[Stored items from a collection]

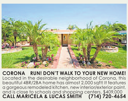CORONA RUN! DON’T WALK TO YOUR NEW HOME! Located inthe desirable neighborhood of Corona, this beautiful4BR/2BA home hasalmost2,000 sqft!Itfeatures agorgeousremodeled kitchen, newinterior/exteriorpaint, and isclose to schools and shopping centers. $409,000 CALL MARICELA &LUCAS SMITH (714) 720-4654
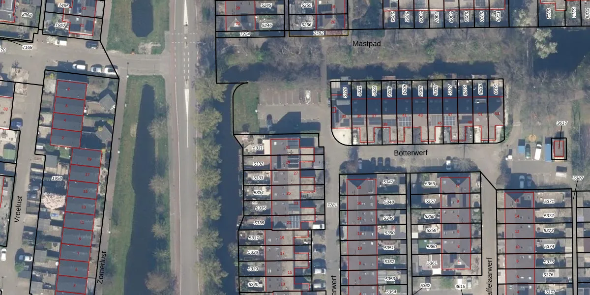 Het perceel waarop Botterwerf 31 staat heeft een oppervlakte van 194 m². Dit is een middelgroot perceel. De perceeloppervlakte wordt geregistreerd door het Kadaster. Gedetailleerde informatie over de maten van dit perceel kunt u vinden in het rapport Kadastrale kaart met maatvoering van Botterwerf 31.
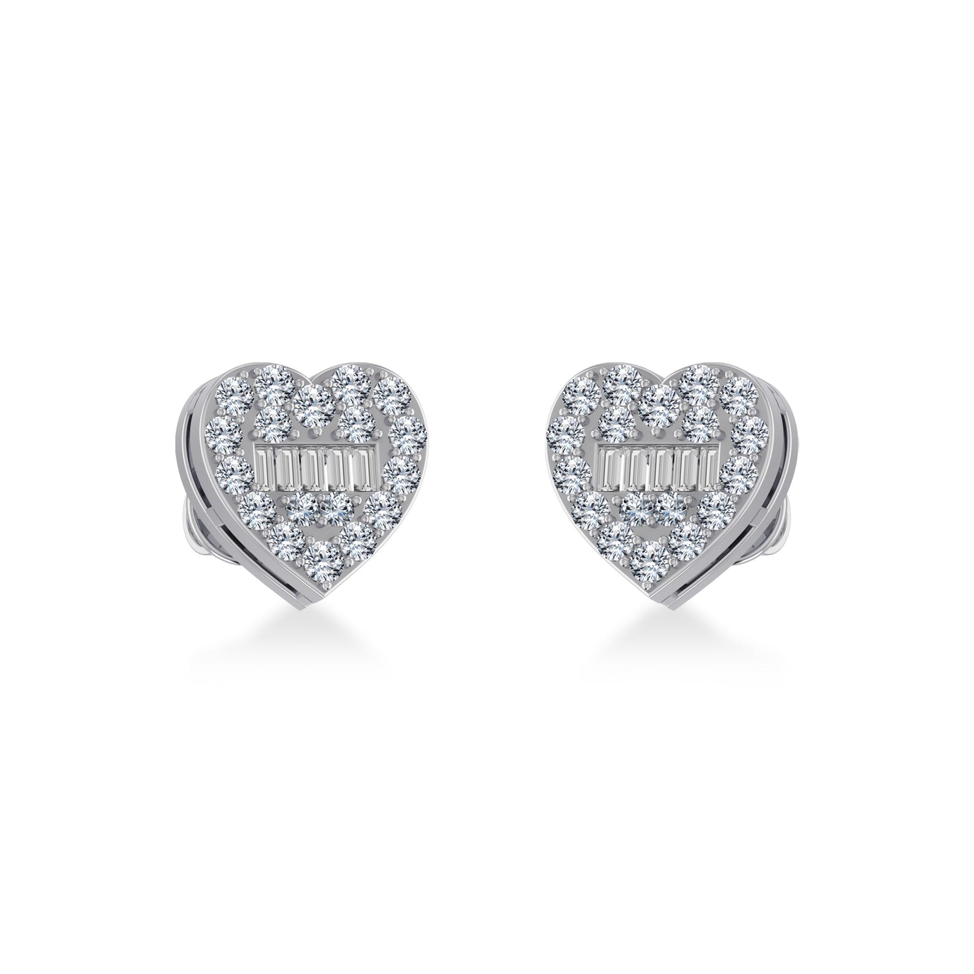 TreasureBox: 14K White Gold Round Baguette Diamond Heart Shape Cluster Stud Earrings – 3/8 Ctw
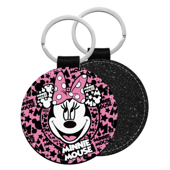Minnie mouse, Μπρελόκ Δερματίνη, στρογγυλό ΜΑΥΡΟ (5cm)
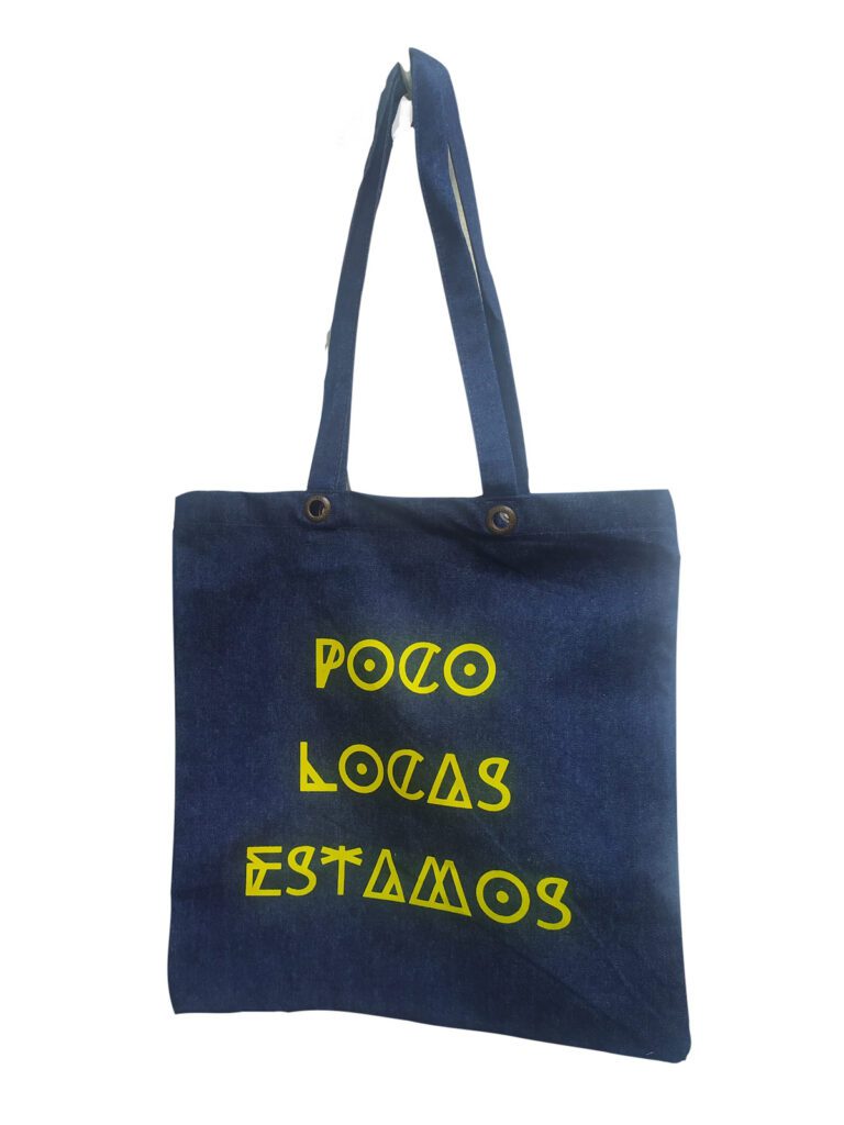 Surgió en Enero de 2021 leyendo un artículo de la psicóloga Mónica Manrique en eldiario.es, en el que hablaba del síndrome de burnout de madre pandémica. Al final del artículo, Mónica cita en un párrafo estas 3 palabras que se me quedaron grabadas en corazón y cerebro a la vez. Ese mismo día lo compartí con unas amigas del barrio, mi burbuja de 6 por aquella época de confinamientos y restricciones, que habíamos creado un par de meses antes para juntarnos a cenar cada 2 semanas y compartir cachopo terapeútico, risas y cañas después de una época muy difícil para todas. Una de ellas pensó que Poco Locas Estamos era un hashtag mío por mi afición a las redes sociales, y en ese momento propuse hacer algo con ese mantra. Lo primero que se me ocurrió fue estampar seis camisetas para nuestra pandilla burbuja. Mi amiga Otijane, experta en el mundo textil y amiga amarilla, me sugirió hacer bolsas tote. Estuve meses pensando cómo y qué, quería hacer algo diferente. Un día, encontré estas bolsas tipo denim, sostenibles, ecológicas y diferentes, y lo vi claro. Encargué dos de prueba y, a continuación, me lancé con un pedido inicial de 60. Volaron.
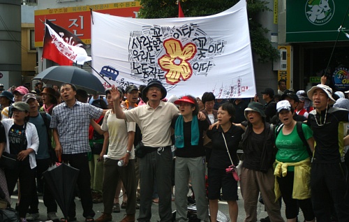 또 정 최고위원은 "(한진중공업지회) 조합원들이 국세청에 고발한 역외탈세 의혹과 정리해고 다음날 174억 원의 배당잔치와 57억 원의 현금배당잔치에 대한 국세청 등 당국의 조사 결과를 최고책임자인 대통령이 국민에게 보고해야 한다"고 강조했다.
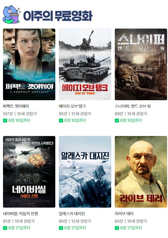 | (네이버시리즈온 무료영화) 에이지 오브 탱크, 노바디 웍스, 잘못된 만남, 퍼펙트 겟어웨이 등 (0) | 2023.07.28 |

Exercise description: Please give back an exact copy of the entries above from their first line through the line containing "Minnie mouse, Μπρελόκ", leaving the pictures aside.

Written reply:
CORONA RUN! DON’T WALK TO YOUR NEW HOME! Located inthe desirable neighborhood of Corona, this beautiful4BR/2BA home hasalmost2,000 sqft!Itfeatures agorgeousremodeled kitchen, newinterior/exteriorpaint, and isclose to schools and shopping centers. $409,000 CALL MARICELA &LUCAS SMITH (714) 720-4654
 Het perceel waarop Botterwerf 31 staat heeft een oppervlakte van 194 m². Dit is een middelgroot perceel. De perceeloppervlakte wordt geregistreerd door het Kadaster. Gedetailleerde informatie over de maten van dit perceel kunt u vinden in het rapport Kadastrale kaart met maatvoering van Botterwerf 31.
 TreasureBox: 14K White Gold Round Baguette Diamond Heart Shape Cluster Stud Earrings – 3/8 Ctw
Minnie mouse, Μπρελόκ Δερματίνη, στρογγυλό ΜΑΥΡΟ (5cm)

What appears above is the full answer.